What to do:
Please make an exact transcription of the records, keeping the pictures out of it.

Records for the exercise:

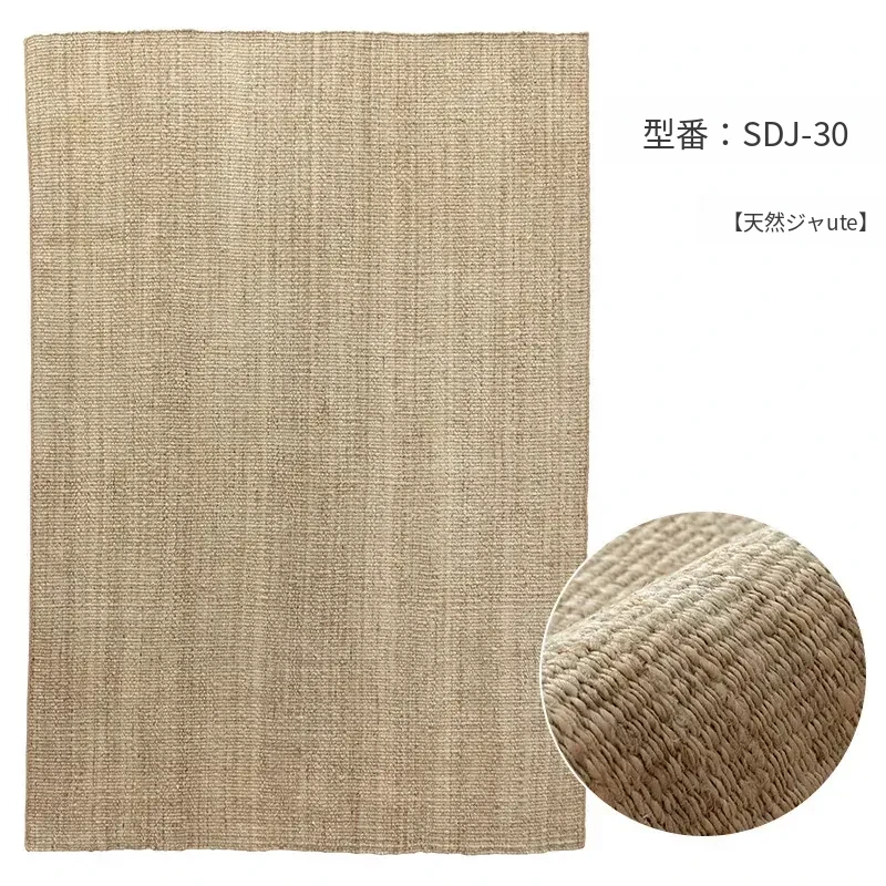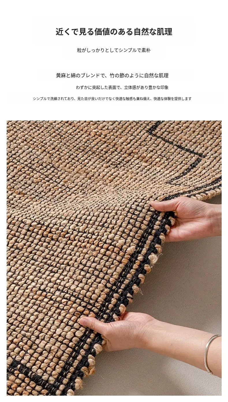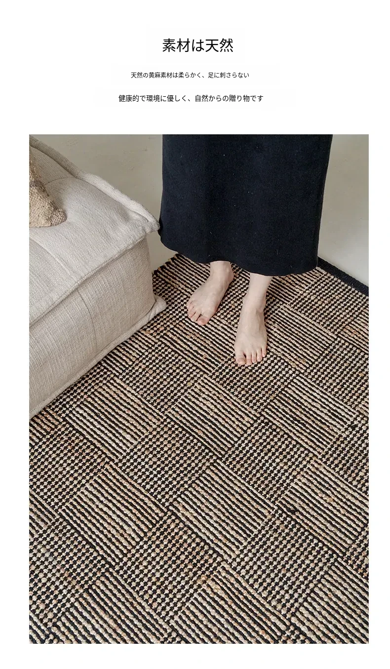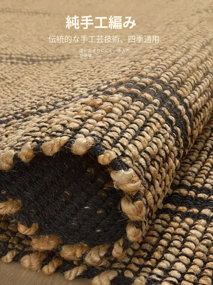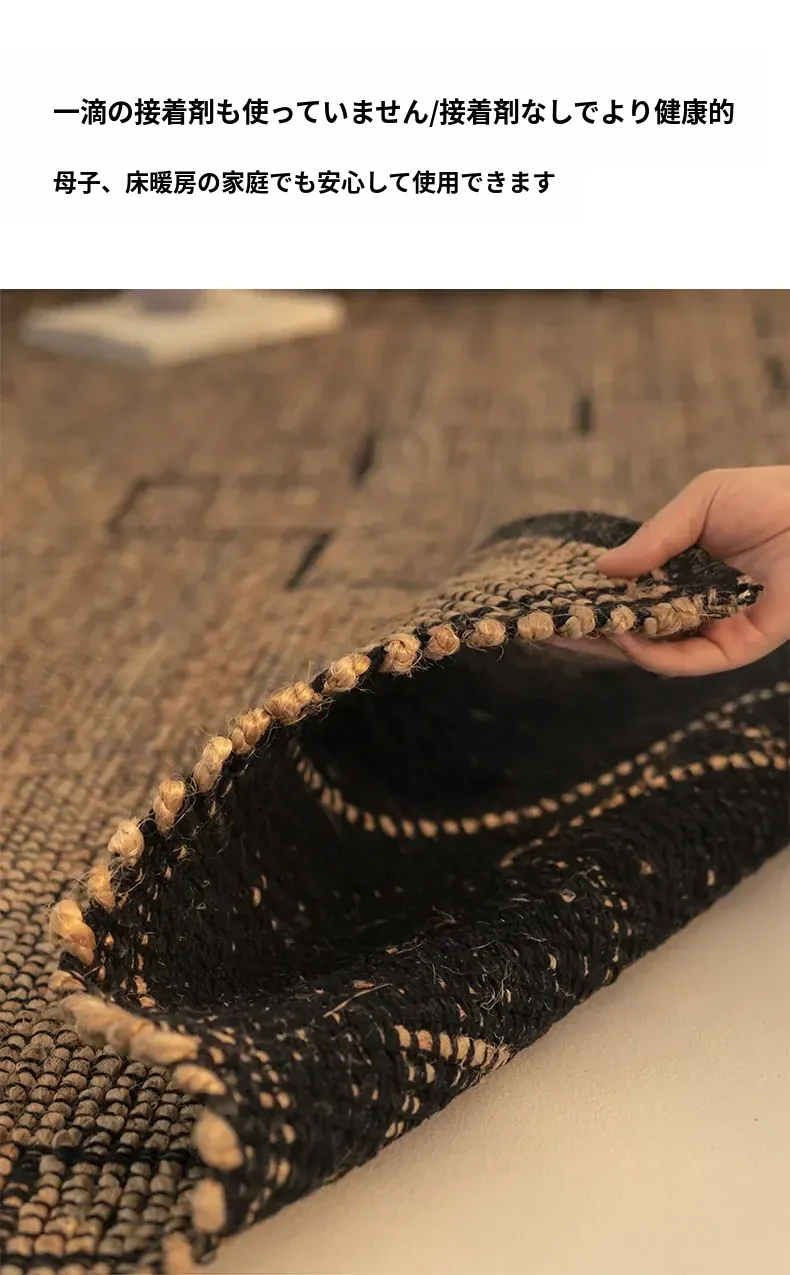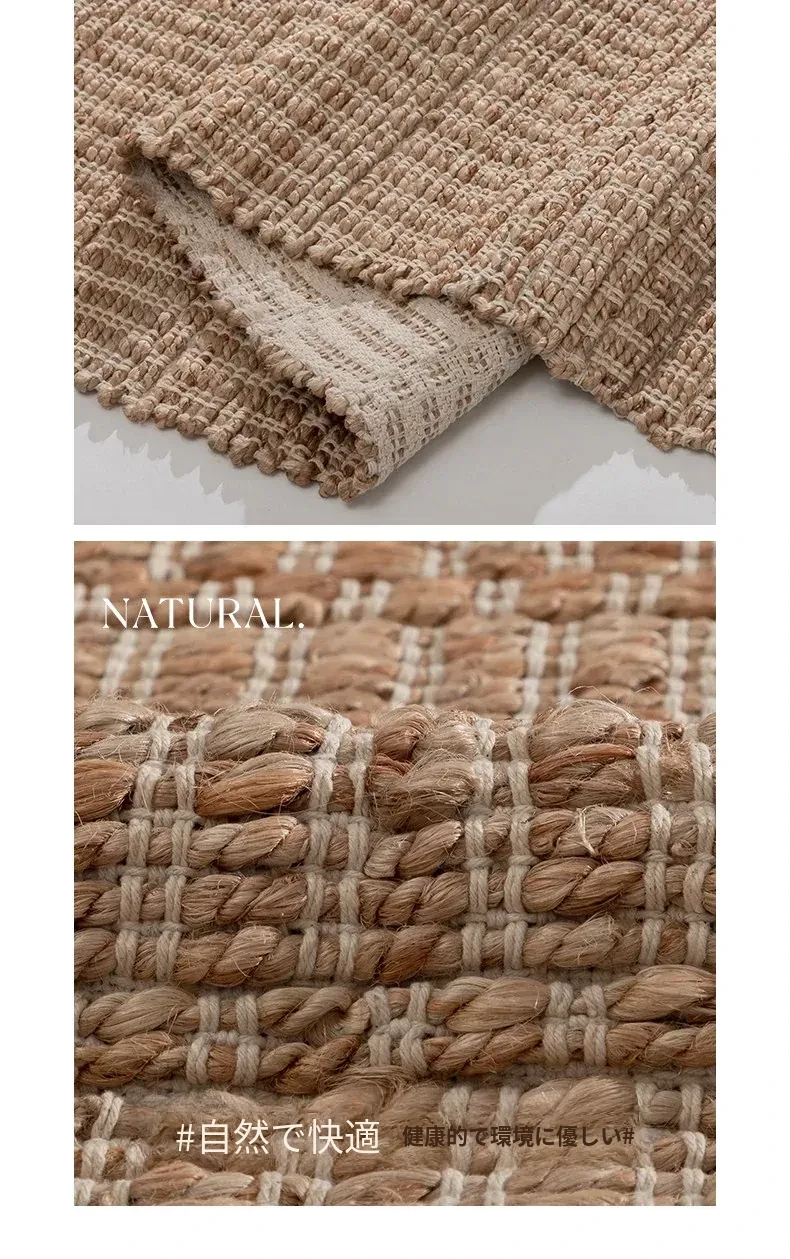 視覚と味覚のハーモニーを楽しむ!無接着剤の輸入ジュートカーペット、手編みの和風デザインで、リビングのテーブルを引き立てるイタリアンエレガンス。天然素材の温もりを感じて、上質な空間を演出します。
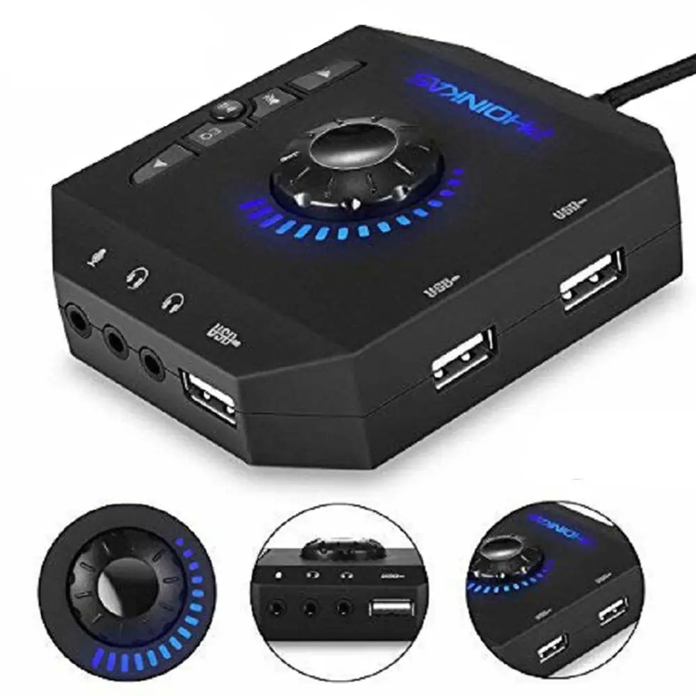 USB Hubs Audio Adapter External Stereo Sound Card 3.5mm Headphone Microphone PC
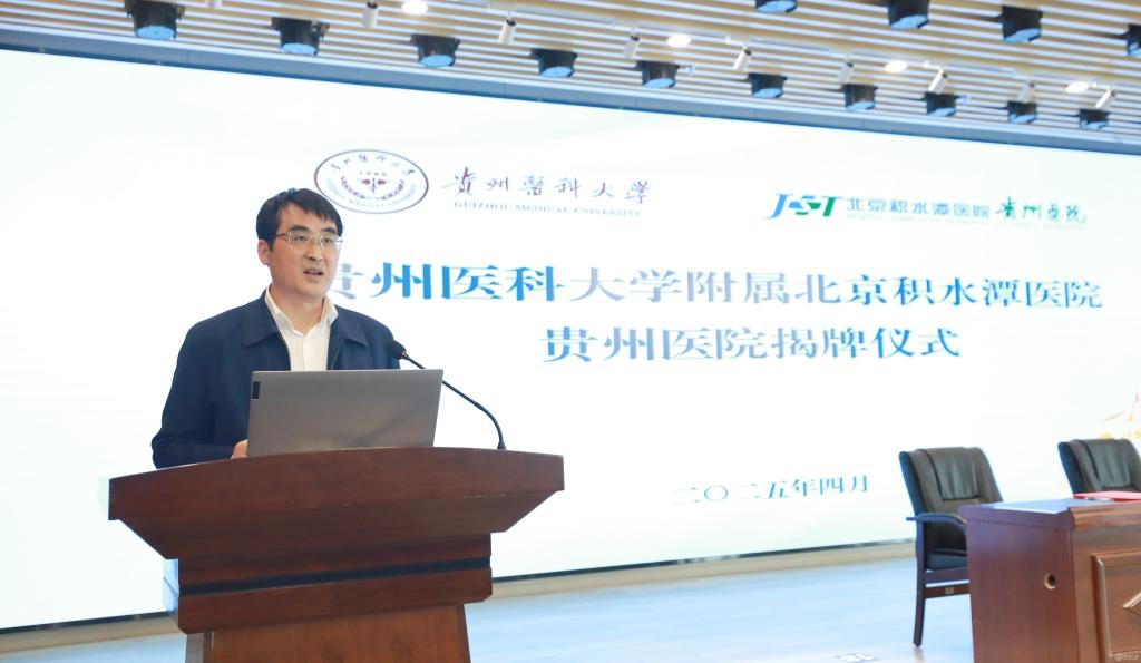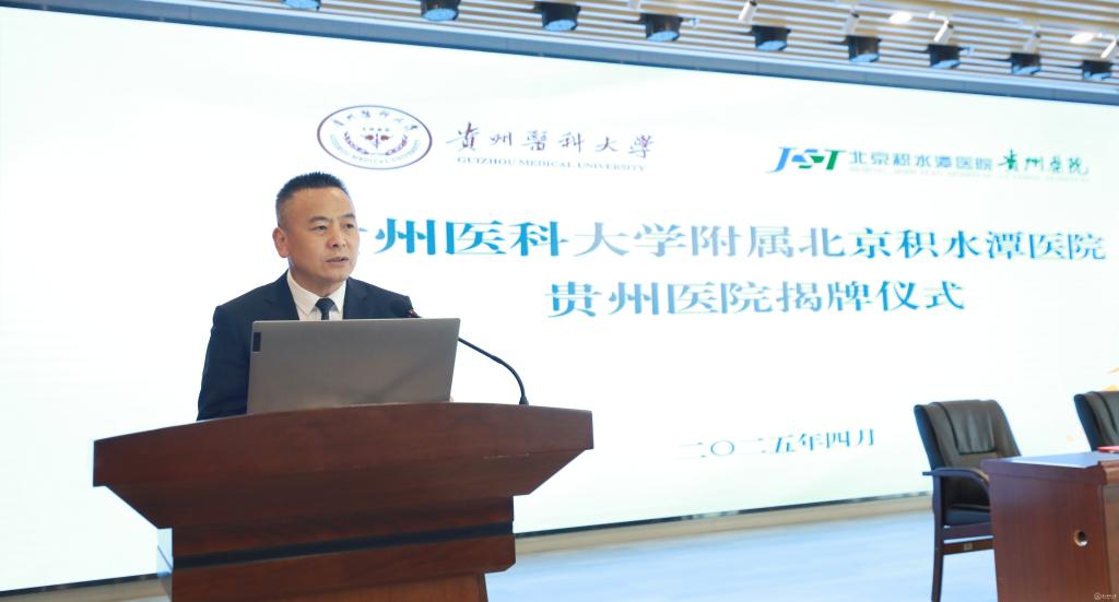 刘勇代表积水潭医院贵州医院致辞。他表示,医院将以此次签约揭牌为起点,与awc777万象城娱乐官网并肩同行,借助学校的优势资源,聚焦医教协同机制,在人才培养体系构建、教学基地标准化建设和科研项目申报等领域深化合作,共同肩负医学人才培养的时代重任,为实现医院高质量发展而不懈努力。
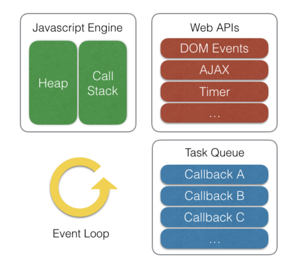 - 비동기 호출을 위해 사용하는 setTimeout, XMLHttpRequest 와 같은 함수들은 Javascript 엔진이 아닌 Web API 영역에 따로 정의되어 있다.
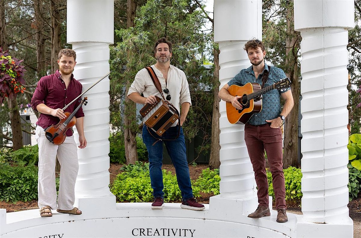 Socks in the Frying Pan are one of the most electrifying live acts in Irish traditional music today. From Ennis, County Clare — widely regarded as the beating heart of the tradition — this multi-award-winning trio have built an international reputation for explosive performances that fuse breathtaking virtuosity, pitch-perfect harmonies, driving rhythm, and razor-sharp wit.
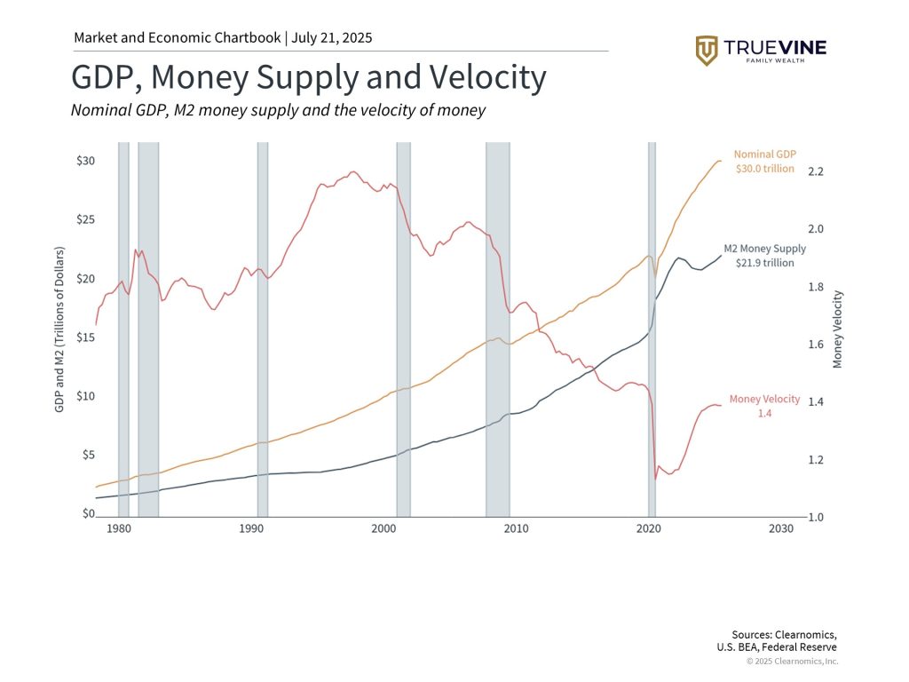 Politics aside, the Fed is expected to cut rates further this year. It has been on hold following several cuts in late 2024 due to uncertainty around tariffs. The reality is that Fed policy exists to support long-term growth trends. When the economy is strengthening, the Fed’s job is to make sure it does not overheat – sometimes described as “taking the punch bowl away.” When the economy is weak, lower rates may be needed to jumpstart growth.
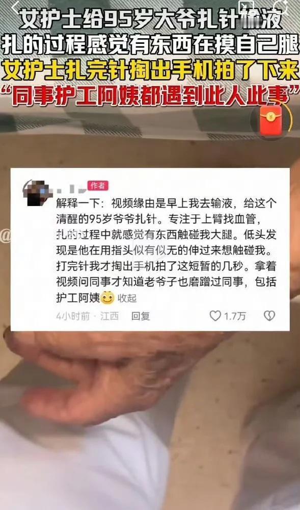 好坏从来不分年龄 女护士称给95岁大爷扎针时被摸腿 年纪从来不是一个人行为的某种标志,认知才是…
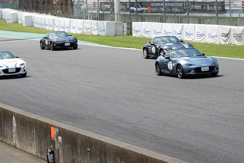 それぞれ同じ型式のロードスターで、かつ同じタイヤ(POTENZA Adrenalin RE003)でレースを行うので、ドライバー個々のテクニックが際立つレースです。多少のチューニングの差はあるかもしれませんが、ドライバーテクニックの凄さを目の前で観戦できる楽しさがあります。そして、普通の乗用車でのレースですので、速さを目で追うことに意識を向けることなく、レースを体感することができると思います。
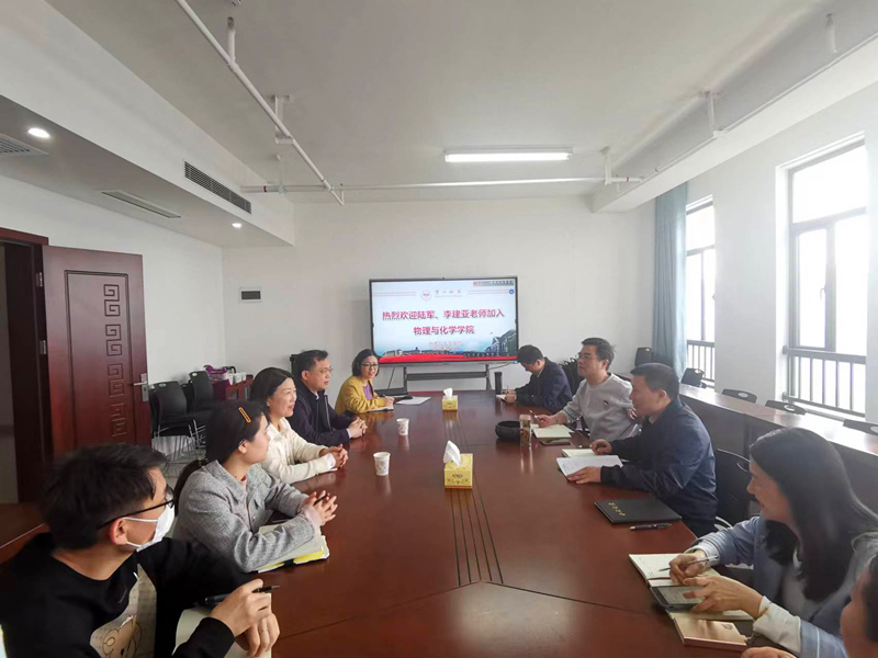 陈志武代表学院致了欢迎辞,对两位老师的加入表示热烈的欢迎。随后陆军、李建亚分别进行了发言,表示将一如既往为学校发展尽心尽力做贡献,竭尽所能为物化院谋发展,全力配合物化院的各项工作安排,不忘初心,立足“新岗位”,做好“传帮带”,帮助指导年轻老师和学生加快成长,全身心投入,履职尽责。
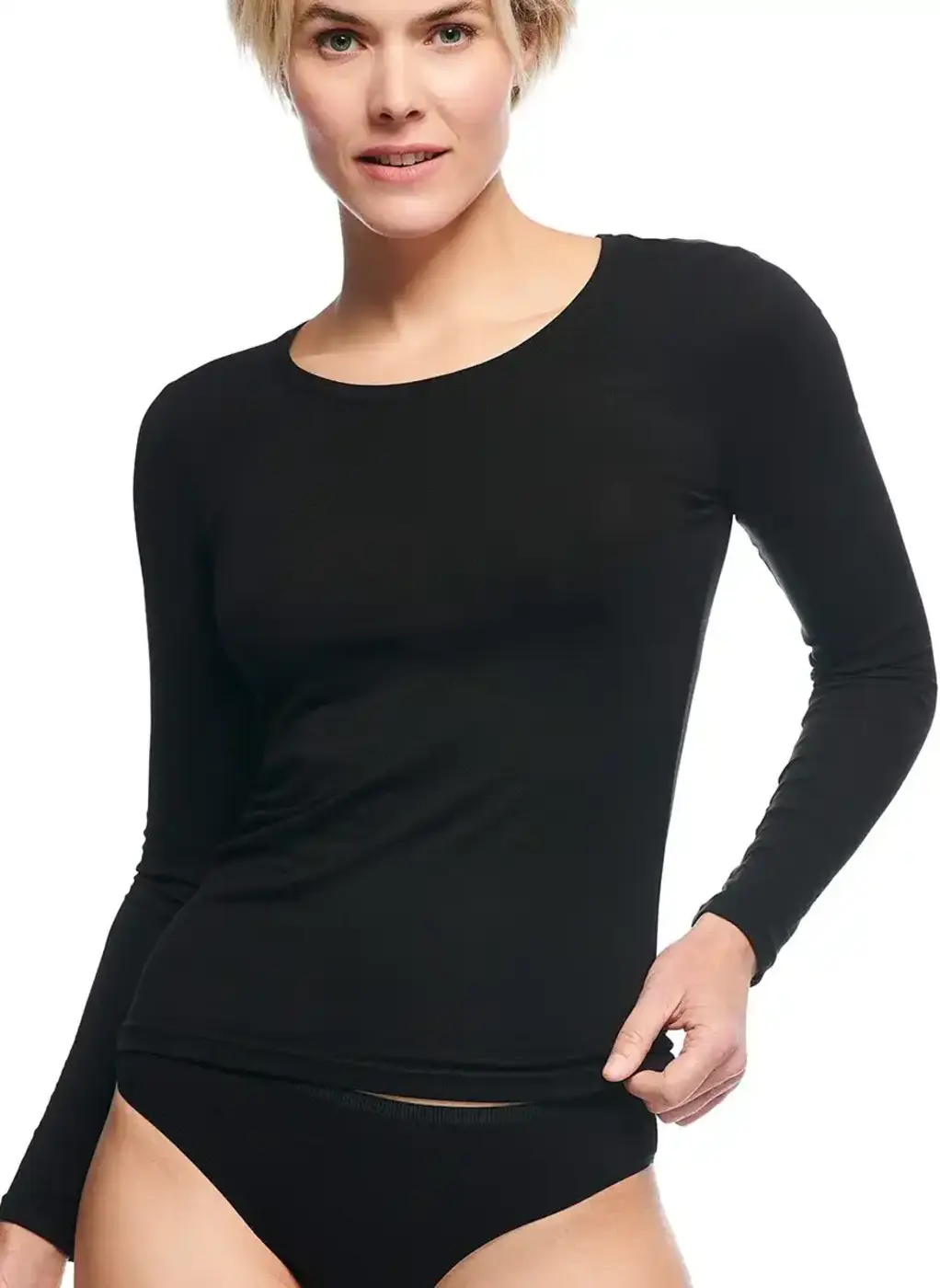 68% Bamboe Viscose, 28% Organisch katoen, 4% Elastaan, Fijne, zachte dames ondershirt lange mouw van Bamboo Basics. Bamboe is heerlijk comfortabel en lekker soepel, het is een stuk zachter dan katoen.

Result below:
 視覚と味覚のハーモニーを楽しむ!無接着剤の輸入ジュートカーペット、手編みの和風デザインで、リビングのテーブルを引き立てるイタリアンエレガンス。天然素材の温もりを感じて、上質な空間を演出します。
 USB Hubs Audio Adapter External Stereo Sound Card 3.5mm Headphone Microphone PC
 刘勇代表积水潭医院贵州医院致辞。他表示,医院将以此次签约揭牌为起点,与awc777万象城娱乐官网并肩同行,借助学校的优势资源,聚焦医教协同机制,在人才培养体系构建、教学基地标准化建设和科研项目申报等领域深化合作,共同肩负医学人才培养的时代重任,为实现医院高质量发展而不懈努力。
 - 비동기 호출을 위해 사용하는 setTimeout, XMLHttpRequest 와 같은 함수들은 Javascript 엔진이 아닌 Web API 영역에 따로 정의되어 있다.
 Socks in the Frying Pan are one of the most electrifying live acts in Irish traditional music today. From Ennis, County Clare — widely regarded as the beating heart of the tradition — this multi-award-winning trio have built an international reputation for explosive performances that fuse breathtaking virtuosity, pitch-perfect harmonies, driving rhythm, and razor-sharp wit.
 Politics aside, the Fed is expected to cut rates further this year. It has been on hold following several cuts in late 2024 due to uncertainty around tariffs. The reality is that Fed policy exists to support long-term growth trends. When the economy is strengthening, the Fed’s job is to make sure it does not overheat – sometimes described as “taking the punch bowl away.” When the economy is weak, lower rates may be needed to jumpstart growth.
 好坏从来不分年龄 女护士称给95岁大爷扎针时被摸腿 年纪从来不是一个人行为的某种标志,认知才是…
 それぞれ同じ型式のロードスターで、かつ同じタイヤ(POTENZA Adrenalin RE003)でレースを行うので、ドライバー個々のテクニックが際立つレースです。多少のチューニングの差はあるかもしれませんが、ドライバーテクニックの凄さを目の前で観戦できる楽しさがあります。そして、普通の乗用車でのレースですので、速さを目で追うことに意識を向けることなく、レースを体感することができると思います。
 陈志武代表学院致了欢迎辞,对两位老师的加入表示热烈的欢迎。随后陆军、李建亚分别进行了发言,表示将一如既往为学校发展尽心尽力做贡献,竭尽所能为物化院谋发展,全力配合物化院的各项工作安排,不忘初心,立足“新岗位”,做好“传帮带”,帮助指导年轻老师和学生加快成长,全身心投入,履职尽责。
 68% Bamboe Viscose, 28% Organisch katoen, 4% Elastaan, Fijne, zachte dames ondershirt lange mouw van Bamboo Basics. Bamboe is heerlijk comfortabel en lekker soepel, het is een stuk zachter dan katoen.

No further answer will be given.